REQUIRED ACTION:
Write out all of the entries exactly as given.

○ ○ ○

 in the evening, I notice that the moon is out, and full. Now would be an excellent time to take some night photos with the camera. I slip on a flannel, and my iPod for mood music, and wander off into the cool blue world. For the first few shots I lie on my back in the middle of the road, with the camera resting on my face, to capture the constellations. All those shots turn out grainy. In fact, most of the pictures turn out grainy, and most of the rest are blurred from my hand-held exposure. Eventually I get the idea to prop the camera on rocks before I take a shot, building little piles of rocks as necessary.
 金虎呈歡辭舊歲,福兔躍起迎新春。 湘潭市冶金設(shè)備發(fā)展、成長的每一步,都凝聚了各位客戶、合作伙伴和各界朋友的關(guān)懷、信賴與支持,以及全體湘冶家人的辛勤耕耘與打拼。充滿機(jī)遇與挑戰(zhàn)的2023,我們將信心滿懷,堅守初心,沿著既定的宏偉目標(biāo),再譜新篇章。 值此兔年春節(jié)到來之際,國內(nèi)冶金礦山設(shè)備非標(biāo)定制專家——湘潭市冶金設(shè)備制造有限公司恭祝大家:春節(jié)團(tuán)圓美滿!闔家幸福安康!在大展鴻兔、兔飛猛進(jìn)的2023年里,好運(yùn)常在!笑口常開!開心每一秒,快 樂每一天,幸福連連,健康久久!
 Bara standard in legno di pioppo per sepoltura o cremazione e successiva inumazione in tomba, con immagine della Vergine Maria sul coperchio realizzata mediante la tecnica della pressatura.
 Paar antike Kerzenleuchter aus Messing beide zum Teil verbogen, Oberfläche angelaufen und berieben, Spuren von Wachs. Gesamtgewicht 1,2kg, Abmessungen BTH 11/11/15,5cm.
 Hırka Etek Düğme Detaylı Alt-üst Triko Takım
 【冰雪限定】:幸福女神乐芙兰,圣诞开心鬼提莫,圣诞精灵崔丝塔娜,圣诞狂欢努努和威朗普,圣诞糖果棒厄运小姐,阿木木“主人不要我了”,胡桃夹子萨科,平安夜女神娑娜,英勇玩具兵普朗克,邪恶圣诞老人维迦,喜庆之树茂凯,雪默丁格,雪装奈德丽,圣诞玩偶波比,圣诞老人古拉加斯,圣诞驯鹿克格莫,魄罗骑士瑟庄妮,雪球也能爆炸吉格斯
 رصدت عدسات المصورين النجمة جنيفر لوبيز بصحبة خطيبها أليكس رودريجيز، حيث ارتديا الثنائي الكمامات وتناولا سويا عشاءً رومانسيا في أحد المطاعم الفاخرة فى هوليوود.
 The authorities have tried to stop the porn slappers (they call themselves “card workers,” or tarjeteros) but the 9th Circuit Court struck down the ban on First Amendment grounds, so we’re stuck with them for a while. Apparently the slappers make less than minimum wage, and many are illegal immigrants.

○ ○ ○

YOUR RESPONSE:
 in the evening, I notice that the moon is out, and full. Now would be an excellent time to take some night photos with the camera. I slip on a flannel, and my iPod for mood music, and wander off into the cool blue world. For the first few shots I lie on my back in the middle of the road, with the camera resting on my face, to capture the constellations. All those shots turn out grainy. In fact, most of the pictures turn out grainy, and most of the rest are blurred from my hand-held exposure. Eventually I get the idea to prop the camera on rocks before I take a shot, building little piles of rocks as necessary.
 金虎呈歡辭舊歲,福兔躍起迎新春。 湘潭市冶金設(shè)備發(fā)展、成長的每一步,都凝聚了各位客戶、合作伙伴和各界朋友的關(guān)懷、信賴與支持,以及全體湘冶家人的辛勤耕耘與打拼。充滿機(jī)遇與挑戰(zhàn)的2023,我們將信心滿懷,堅守初心,沿著既定的宏偉目標(biāo),再譜新篇章。 值此兔年春節(jié)到來之際,國內(nèi)冶金礦山設(shè)備非標(biāo)定制專家——湘潭市冶金設(shè)備制造有限公司恭祝大家:春節(jié)團(tuán)圓美滿!闔家幸福安康!在大展鴻兔、兔飛猛進(jìn)的2023年里,好運(yùn)常在!笑口常開!開心每一秒,快 樂每一天,幸福連連,健康久久!
 Bara standard in legno di pioppo per sepoltura o cremazione e successiva inumazione in tomba, con immagine della Vergine Maria sul coperchio realizzata mediante la tecnica della pressatura.
 Paar antike Kerzenleuchter aus Messing beide zum Teil verbogen, Oberfläche angelaufen und berieben, Spuren von Wachs. Gesamtgewicht 1,2kg, Abmessungen BTH 11/11/15,5cm.
 Hırka Etek Düğme Detaylı Alt-üst Triko Takım
 【冰雪限定】:幸福女神乐芙兰,圣诞开心鬼提莫,圣诞精灵崔丝塔娜,圣诞狂欢努努和威朗普,圣诞糖果棒厄运小姐,阿木木“主人不要我了”,胡桃夹子萨科,平安夜女神娑娜,英勇玩具兵普朗克,邪恶圣诞老人维迦,喜庆之树茂凯,雪默丁格,雪装奈德丽,圣诞玩偶波比,圣诞老人古拉加斯,圣诞驯鹿克格莫,魄罗骑士瑟庄妮,雪球也能爆炸吉格斯
 رصدت عدسات المصورين النجمة جنيفر لوبيز بصحبة خطيبها أليكس رودريجيز، حيث ارتديا الثنائي الكمامات وتناولا سويا عشاءً رومانسيا في أحد المطاعم الفاخرة فى هوليوود.
 The authorities have tried to stop the porn slappers (they call themselves “card workers,” or tarjeteros) but the 9th Circuit Court struck down the ban on First Amendment grounds, so we’re stuck with them for a while. Apparently the slappers make less than minimum wage, and many are illegal immigrants.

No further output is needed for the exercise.